GESTERN / HEUTE / MORGEN: Tag der Befreiung

von Franz Schuh, Schriftsteller, Wien, 09.06.2025, Veröffentlicht in Archipel 348

Am 8. Mai 2025 jährte sich zum 80. Mal die bedingungslose Kapitulation der Deutschen Wehrmacht und damit das Ende des Zweiten Weltkrieges. Auch in Österreich wird dieser Tag jedes Jahr zelebriert.

In Wien findet jeden 8. Mai das «Fest der Freude» statt. Es geht jedoch nicht nur um Freude, sondern auch darum, die Mittäterschaft nicht zu vergessen und sich der Kontinuität bis in die heutige Zeit bewusst zu sein. Wir dürfen hier einen, dieses Jahr am Heldenplatz verlesenen Text mit dem Titel «Erinnern» von Franz Schuh abdrucken: «Es gibt einen Einwand gegen das Erinnern, der sogar gut gemeint sein könnte.
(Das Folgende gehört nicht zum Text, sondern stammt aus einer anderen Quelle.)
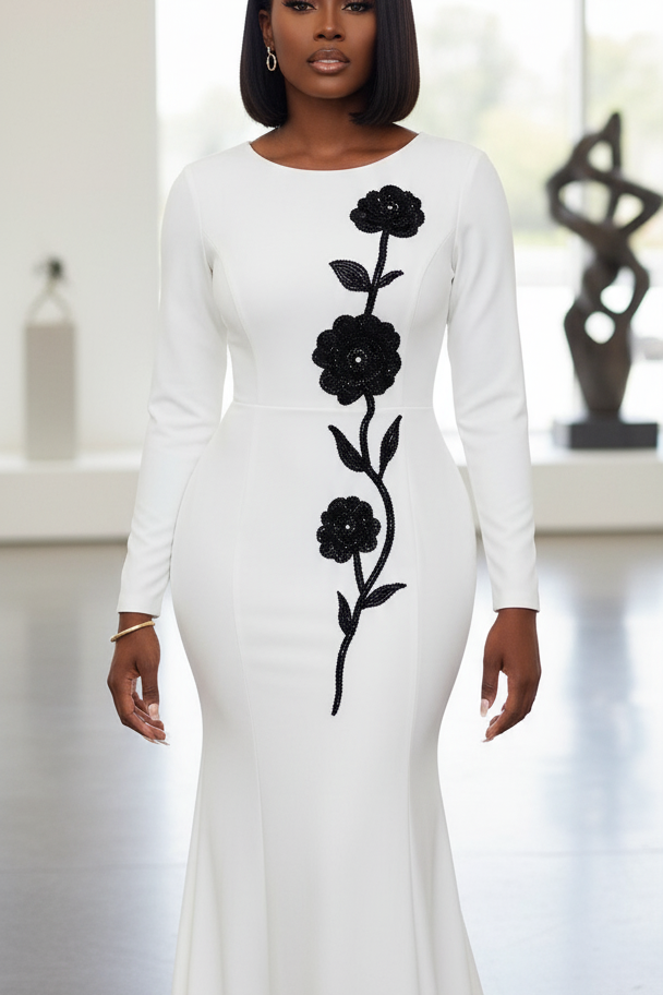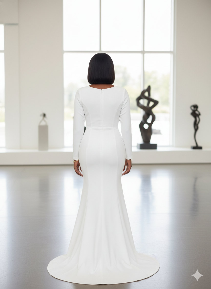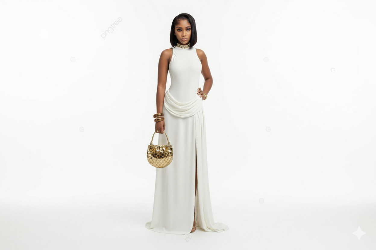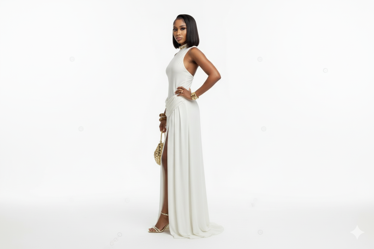 White suit jacket with gold buttons and matching pants on a hanger against a white background
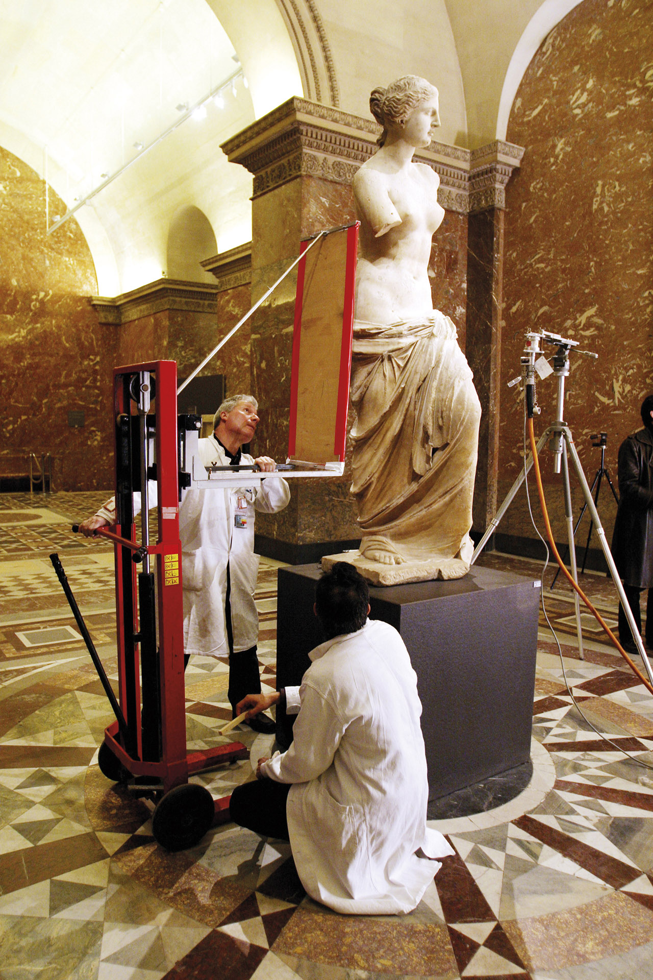 La Vénus de Milo est exposée aux rayons, à l’aide d’un gammagraphe, qui révèleront les fragilités de son anatomie .
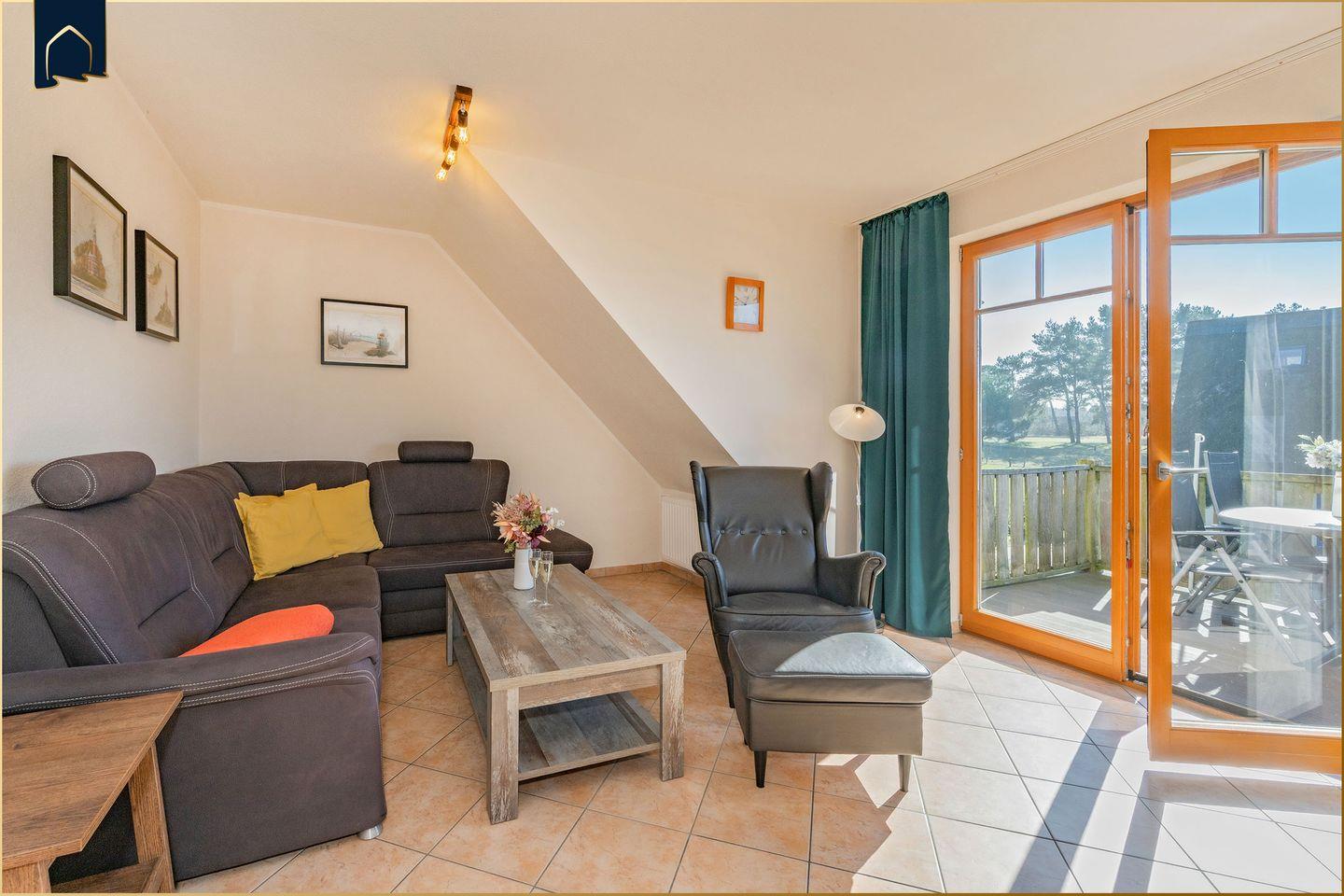 Dank der zwei Etagen bietet die Wohnung ausreichend Raum für Privatsphäre und gemeinsame Zeit. Nach einem erlebnisreichen Tag können Sie in der privaten Sauna entspannen, während die Kinder im Garten spielen oder Sie es sich mit einem Buch im gemütlichen Sessel bequem machen. Fliegengitter, Sichtschutz an allen Fenstern sowie zahlreiche Komfortausstattungen wie Waschmaschine, Geschirrspüler, Haartrockner, Kaffeemaschine und Mikrowelle sorgen für einen rundum angenehmen Aufenthalt.
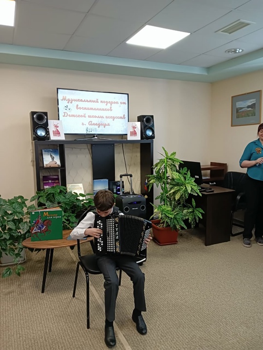 «Не ради славы и наград» концерт обучающихся отделения народных инструментов в Клубе добрых встреч в Публичной библиотеке имени Тана-Богораза. 3 апреля 2025 года в уютной атмосфере «Клуба добрых встреч» прошла концертная программа обучающихся отделения народных инструментов Детской школы искусств городского округа Анадырь. Мероприятие состоялось в рамках проекта «Активное долголетие» и было посвящено теме «Не ради славы и наград» теме, наполненной глубоким смыслом, уважением к подвигам прошлого и трепетным отношением к старшему поколению. Юные исполнители подарили зрителям насыщенную музыкальную программу, в которую вошли произведения, отражающие силу духа, красоту народного искусства и благодарность тем, кто посвятил свою жизнь созиданию, труду и служению Родине. Каждое выступление сопровождалось искренними эмоциями, тёплыми аплодисментами и особенной атмосферой душевного общения. Для гостей мероприятия участников проекта «Активное долголетие» этот концерт стал настоящим праздником, напоминанием о неразрывной связи поколений и значимости поддержки, внимания и заботы.
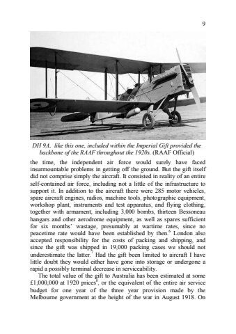 9the time, the independent air force would surely have faced insurmountable problems in getting off the ground. But the gift itself did not comprise simply the aircraft. It consisted in reality of an entire self8contained air force, including not a little of the infrastructure to support it. In addition to the aircraft there were 285 motor vehicles, spare aircraft engines, radios, machine tools, photographic equipment, workshop plant, instruments and test apparatus, and flying clothing, together with armament, including 3,000 bombs, thirteen Bessoneau hangars and other aerodrome equipment, as well as spares sufficient for six months%u2019 wastage, presumably at wartime rates, since no peacetime rate would have been established by then.6 London also accepted responsibility for the costs of packing and shipping, and since the gift was shipped in 19,000 packing cases we should not underestimate the latter.7 Had the gift been limited to aircraft I have little doubt they would either have gone into storage or undergone a rapid a possibly terminal decrease in serviceability. The total value of the gift to Australia has been estimated at some %u00a31,000,000 at 1920 prices8, or the equivalent of the entire air service budget for one year of the three year provision made by the Melbourne government at the height of the war in August 1918. On DH 9A, like this one, included within the Imperial Gift provided the backbone of the RAAF throughout the 1920s. (RAAF Official)
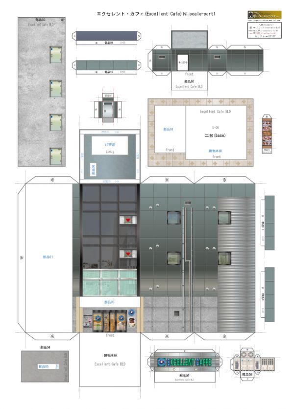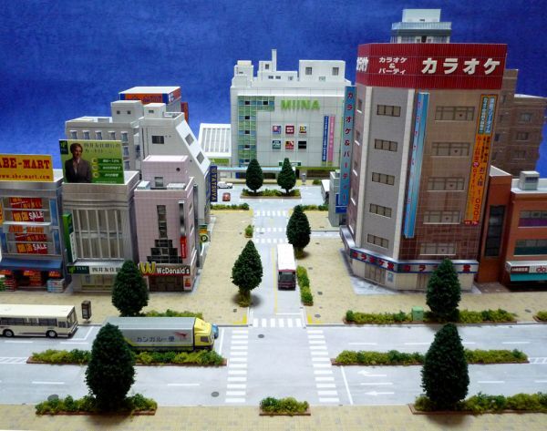 「ゲームセンター」「本屋」「古本屋」「ゲームショップ」「家電量販店」「ドラッグストア」「ファストフード店」「スーパーマーケット」「ビジネスホテル」「カフェ」「不動産ビル」「小さな飲食店」「カラオケ店」「駅直結・大型ホテル」「高層マンション」「マンション」「ディスカウントショップ」「幼稚園」「銀行」「紳士服店」「コンテナC10・C20・C21・C36・UF15A、オリジナルコンテナ」「缶ジュース販売機」「自動改札機」「シネコン付・駅ビル」「警視庁」「お手軽ビル01~04」「色違いver.お手軽ビル01~04」  「テレビ塔 シルバー&レッド」「秋葉原 アニマーズ・ビル」「秋葉原 ビデオ会館」「商店街アーケード」「道頓堀ビル01~07」「温泉ホテル」「ママゾン物流倉庫」「靴店」「バス営業所 通常版&延長版」「戸建て集合住宅」「レンタルビデオ店」「コンビニビル」「エクセレント・カフェ」「牛丼店」「スピードキッチン」「病院ビル01」「調剤薬局」「鉄塔」「たからくじ売り場」「飲み屋」「隙間埋め用小さなビル」「家 01~06」「色違いver.2種類 家 03」「色違いver.2種類 家 04」「色違いver.家 05」「壁 9種類」「看板」  道路データ 1車線道路:18種 2車線道路:21種 4車線道路:15種 バス・ターミナル:3種 駐車場:9種 タバコ自販機:5種 歩道 バス停 配電箱の展開図と制作説明書PDFデータ

Der Einwand lautet: Das Erinnern hält gleichzeitig das zu Erinnernde am Leben. Der ungeheure Zivilisationsbruch in der ersten Hälfte des Zwanzigsten Jahrhunderts liesse sich am besten vergessen. Nur durch Vergessen ist er nicht mehr da.

So gut das manche vielleicht meinen, so sehr ist es nichts als Eskapismus, nichts als eine vergebliche Flucht aus der Geschichte. Eskapismus ist allerdings eine mächtige Strategie, mit der in einer hedonistischen Gesellschaft vieles auf eingeübte Weise verdrängt wird – also gar nicht zum Verschwinden zu bringen ist. Es gibt auch eine pädagogische Variante des Eskapismus. Sie lautet: Indem man die Erinnerungskultur überbetont, erzeugt man Widerstand gegen ihre guten Absichten. Die unterste Stufe dieser Variante ist, sich über die Belästigung zu beschweren, wenn wieder «davon» die Rede ist.
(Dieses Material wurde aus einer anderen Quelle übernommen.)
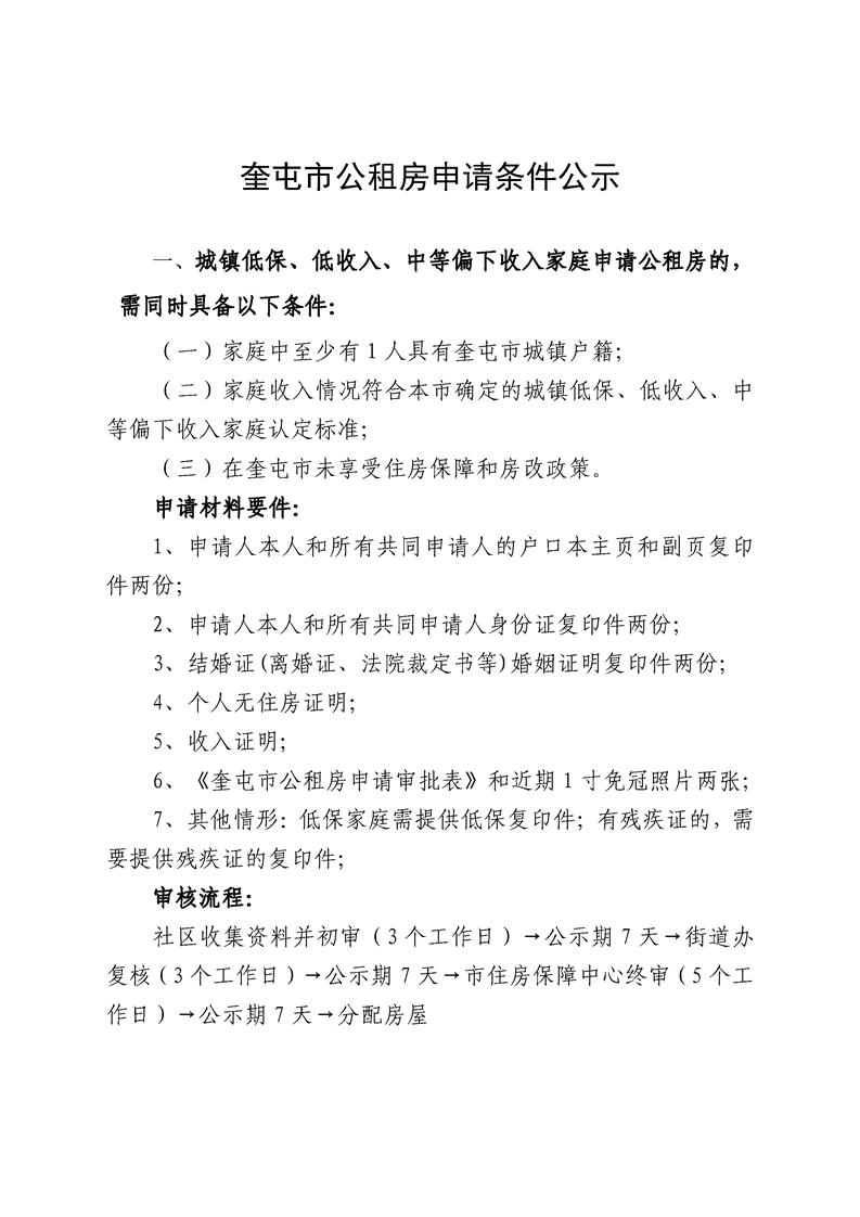 奎屯市公租房申请条件公示

Ein Heinz Kindermann war im Dritten Reich einer der furchtbarsten Germanisten, ein Nationalsozialist, der die Literaturwissenschaft zur Propaganda der Einheitspartei umfunktioniert hatte. Im Nachkrieg war Heinz Kindermann lange Zeit Leiter des Wiener Instituts für Theaterwissenschaft. Einige seiner Studenten, wenn man sie darauf ansprach, fühlten sich belästigt: Es käme doch nur darauf an, was er heute lehrt, und die Idee war nicht verbreitet, dass das, was er «heute» lehrt, im Zusammenhang mit dem stehen könnte, wofür er seinerzeit Karriere machte.
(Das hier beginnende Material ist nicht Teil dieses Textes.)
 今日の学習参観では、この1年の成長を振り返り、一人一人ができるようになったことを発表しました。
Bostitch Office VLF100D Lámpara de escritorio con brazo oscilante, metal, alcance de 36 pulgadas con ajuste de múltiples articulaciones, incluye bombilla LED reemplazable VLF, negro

Die Kontinuitäten sind das Problem, das Wiederauftauchen alter Chiffren und ihr mehr oder weniger verschleierter Einsatz im politischen Leben. Die Erinnerung hilft dem Verständnis, warum man gegen das kämpfen soll, was nicht aufhört, sich wiederholen zu wollen. Wiederholen - natürlich anders oder «nur» so ähnlich. Zur Zivilisation gehört die Lehre nicht nur für das Kollektiv, sondern gerade für die Einzelnen, was – im Zivilisationsbruch – ein Mensch dem anderen antun kann. ‘Wer denkt, es kann sich nicht wiederholen, der irrt’, sagte Justin Sonder, ein Ausschwitz-Überlebender.»